After a short while, Faruq sat down beside her.
And, finally, it was time to talk.
‘Faruq, I know why we’re going,’ she said quietly.
He shot her an alarmed glance, bread and cheese arrested halfway to his mouth. ‘But that’s not possible! You can’t have heard what Peter de Mauley told me, for you were too far away. You—’
‘I do know,’ she interrupted firmly. ‘Look, Faruq, it’s no good sitting there glaring at me. Listen to what I’m trying to tell you, will you?’

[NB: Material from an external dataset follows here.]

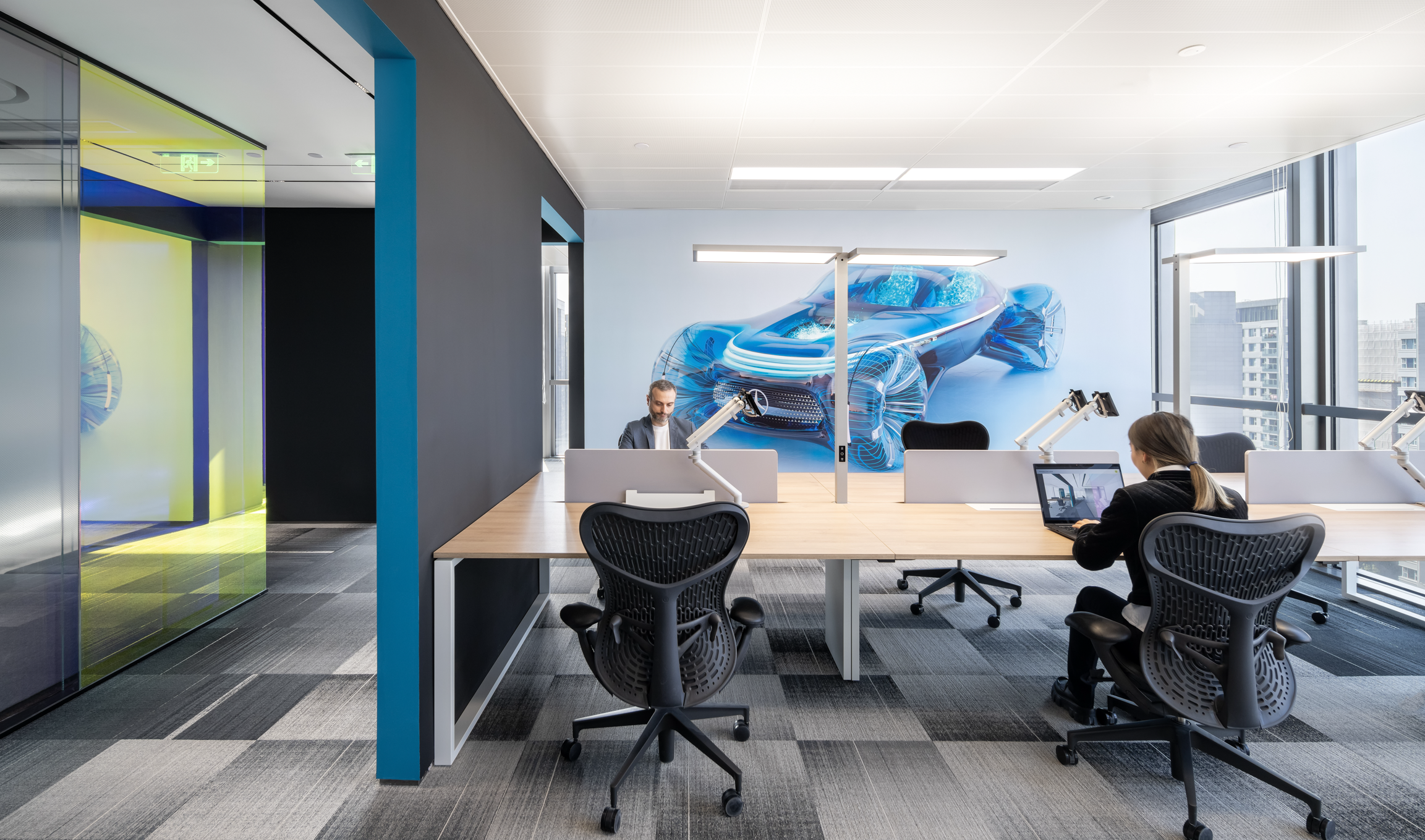 The space envisioned by Mercedes Benz should not only reflect a strong attraction to technological talents, but also integrate the local culture of Shanghai and the core values of Mercedes Benz's corporate culture. This environment aims to provide a space for a newly formed team of 250 talents and establish benchmarks consistent with the respected industry standards of its brand.

After a moment, he gave a curt nod.
‘Thank you,’ she said, wondering if he’d pick up the ironic tone. ‘I showed you the way to Corfe Castle because you told me that you and your mother believed there was some threat to Queen Isabella.’
‘Not believed, knew,’ he corrected her sharply.
‘Very well.’ She held back the obvious comment. ‘However, when we met the Queen – looking very bored but perfectly fit and well – and we saw with our own eyes how securely she was guarded, we were forced to accept how unthinkable it was that anyone wishing her harm could get anywhere near her.’
‘But the danger wasn’t—’
Again she interrupted. ‘We actually managed to inspect the kitchens, and even you must have been reassured that neither morsel of food nor sip of wine or water entered the Queen’s mouth unless it had been tested on someone else. We had to accept the only conclusion: Queen Isabella is perfectly safe; as safe as – no, much, much safer than – anyone else in the land.’